The above-described calculation examples of the present invention are merely to describe the calculation model and the calculation flow of the present invention in detail, and are not intended to limit the embodiments of the present invention. It will be apparent to those skilled in the art that other variations and modifications can be made on the basis of the foregoing description, and it is not intended to exhaust all of the embodiments, and all obvious variations and modifications which fall within the scope of the invention are intended to be included within the scope of the invention.

Claims

1. An underwater acoustic target identification method based on a composite neural network is characterized by comprising the following steps:

the input sample data information is processed through an LSTM network, and the time sequence characteristics of the audio sample data are learned on the basis of the basic characteristics to obtain an intermediate vector with the time sequence characteristics; the specific process comprises the following steps:

step 2.2: the state information of the current data is obtained by performing product operation on the retention coefficient obtained by sigmoid of the input of the hidden layer and the output of the previous layer and the data obtained by tanh of the input of the hidden layer and the output of the previous layer;

step 2.3: combining the data information state of the previous layer with the current input signal to obtain a weight through sigmoid, putting the current data information state into tanh to obtain a numerical value and performing product calculation with the previous weight, and finally obtaining a 256-dimensional intermediate vector related to the original audio sample data;

step 3, inputting the output result of the LSTM network into the CNN network, and outputting a target identification result through the CNN network;

the structure of the CNN network is specifically as follows:

from the input layer, the CNN network sequentially comprises the input layer, a first convolutional layer, a first pooling layer, a second convolutional layer, a second pooling layer, a third convolutional layer, a third pooling layer, a fourth convolutional layer, a full-connection layer and a softmax classification layer.
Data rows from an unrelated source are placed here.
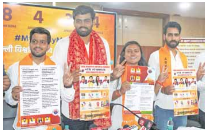
ABVP candidates Panel during the releasing manifesto for the Delhi University Students' Union (DUSU) elections, in New Delhi, on Monday

Issues of counselling centres, medical rooms and sanitary napkin dispensers at colleges will also be looked into, the manifesto said. Both the NSUI manifestos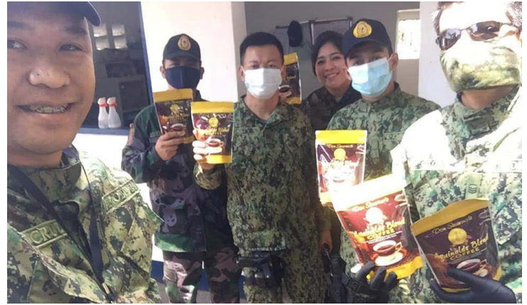
Security frontliners pose with the coffee packs they received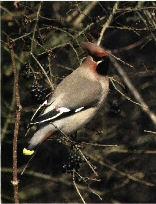
169 Pestvogel / Bohemian Waxwing Bombycilla garrulus , eerste-winter, Enschede, Overijssel, 16 maart 1996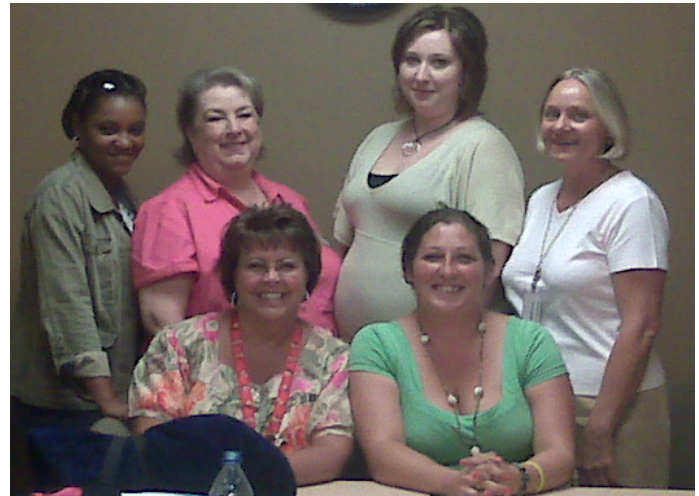
SOUTHEAST REGION PLACEMENT SPECIALIST CQI TEAM AUGUST 2009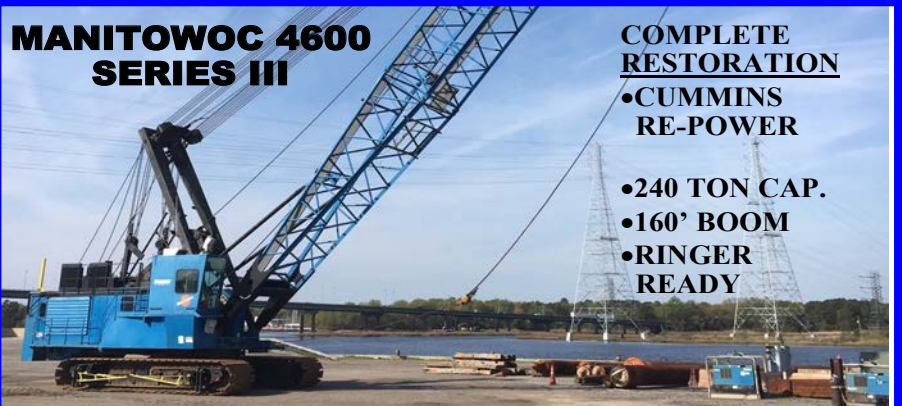
MANITOWOC 4600 SERIES III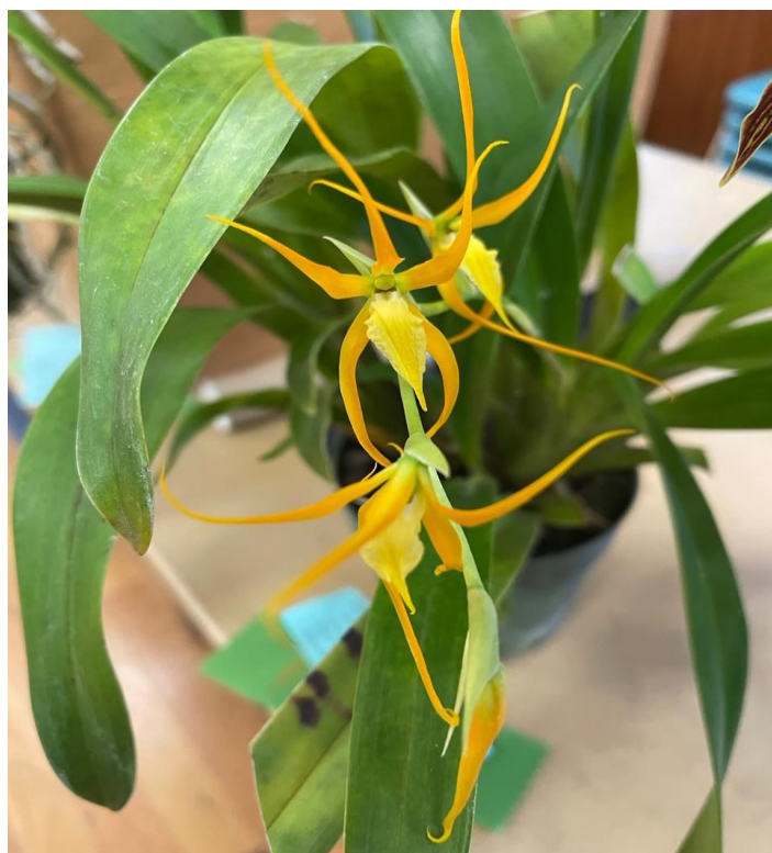
Brassia (Ada) pozoi xanthina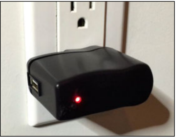
The KeySweeper device in use.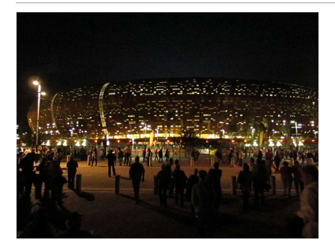
Figure 3: Soccer City, Soweto on the night of Diamond's performance – it left me with the impression of a huge spaceship.

During the performance in Soweto that I attended I noticed adults of varying ages almost ecstatically participating in the performance. Diamond heads , as his fans are known (Bream, 2009:14), were waving their arms from side to side and, with beaming smiles on their faces, they were throwing back their heads and singing at the tops of their voices as he repeatedly sang "I'm a believer" and "Sweet Caroline". I saw adult men being moved to tears. Audience reactions of this kind are naturally not exclusive to Diamond's fans. Similar reactions and enthusiastic participation are indeed also found with other performers. Yet very few of the latter have been performing since 1966. Diamond was an outstanding performing artist.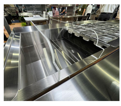
WATCH OUR VIDEO TO LEARN MORE!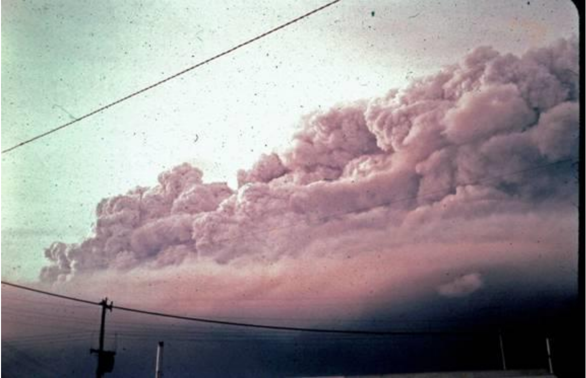
(In Ottawa)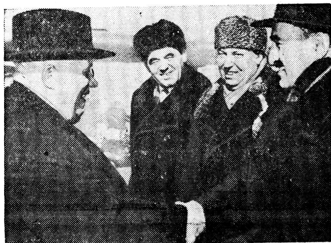
Khrushchev, left, shaking hands with Anastas Mikoyan, right, is greeted in Moscow after a visit to Hungary. The Kremlin boss is responsible, directly or indirectly, for the secret trial and execution of four Hungarian Communist leaders.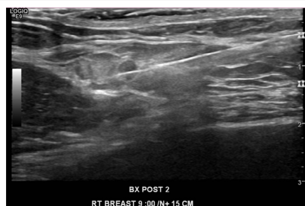
Figure 3: An ultrasound guided biopsy was performed of the suspicious mammographic and sonographic mass, with pathologic concordant diagnosis of metastatic leiomyosarcoma.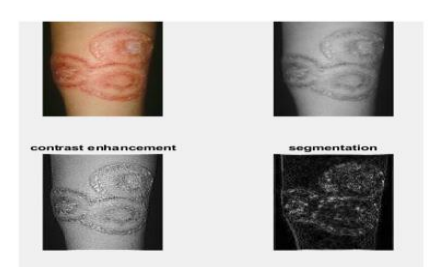
Fig 3. Image Processing: The converted gray scale, contrast enhanced and Median filtered images. Then, suspicious regions of the pre-processed skin images are segmented usingWatershed algorithm.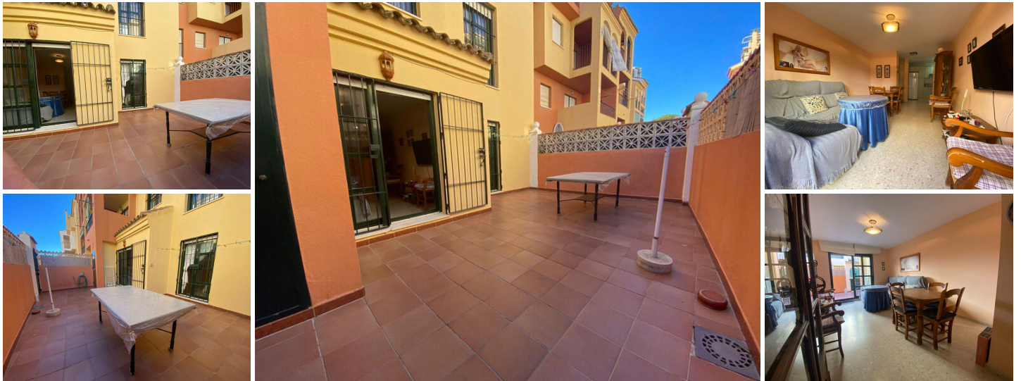
Beautiful Beachfront Apartment with Pool and Garage

If you're searching for an ideal apartment by the sea, this is your opportunity. Located in a gated community with direct access to the beach and the Coastal Path, this stunning apartment offers comfort, tranquility, and an excellent location.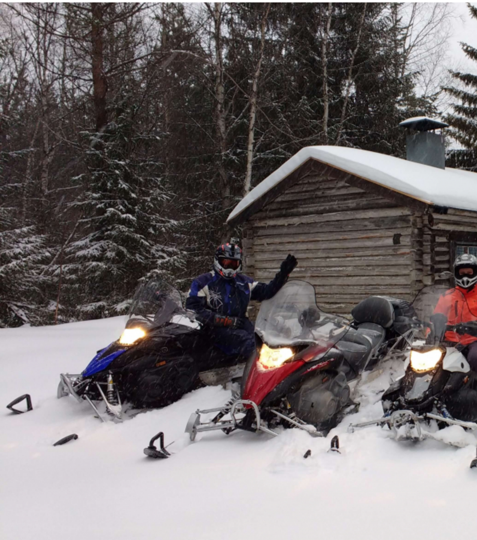
Snowmobile tour Sweden Polar circle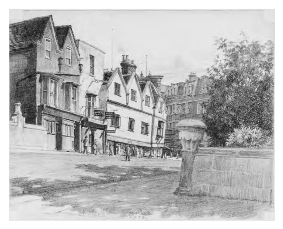
Figure 6 Clattern Bridge in Kingston looking towards the Market Place by Edward Walker, 22nd June 1942 ( Recording Britain Series, no. E2240)

we were too late with the Elite, a building which with all its faults was very typical of the period'. The demolition site of this once well-known Kingston cinema was however captured by Wilfred Fairclough in 1955 (figure 7). In 1956 the Town Clerk was anxious to record the building known as 'The Old Manor House' in the London Road (used later as a workhouse), which had a planning application in for its demolition; the suggested fee was on the table at £5. But Brill was by now expressing some concern for the level of fees offered saying he 'no longer has the face to ask artists of repute to make drawings for £5' and 'goodness knows', he says 'what will be necessary in three or four years time'. James Hockey was commissioned to paint this building for £7 10s. (Figure 8).

2. The underwater sound target identification method based on the composite neural network as claimed in claim 1, wherein in the step 1, short-time fourier transform is performed on each segment of signal respectively to obtain a short-time fourier transform result; the specific process comprises the following steps:

3. The underwater acoustic target identification method based on the composite neural network as claimed in claim 2, wherein in the step 1, the short-time fourier transform result is converted into an energy spectrum, and the specific process is as follows:

SPEC(t,f)＝|STFT(t,f)| ²

where SPEC (t, f) is the energy spectrum.

4. The underwater acoustic target recognition method based on the composite neural network as claimed in claim 3, wherein the activating function adopted by the CNN network is Relu.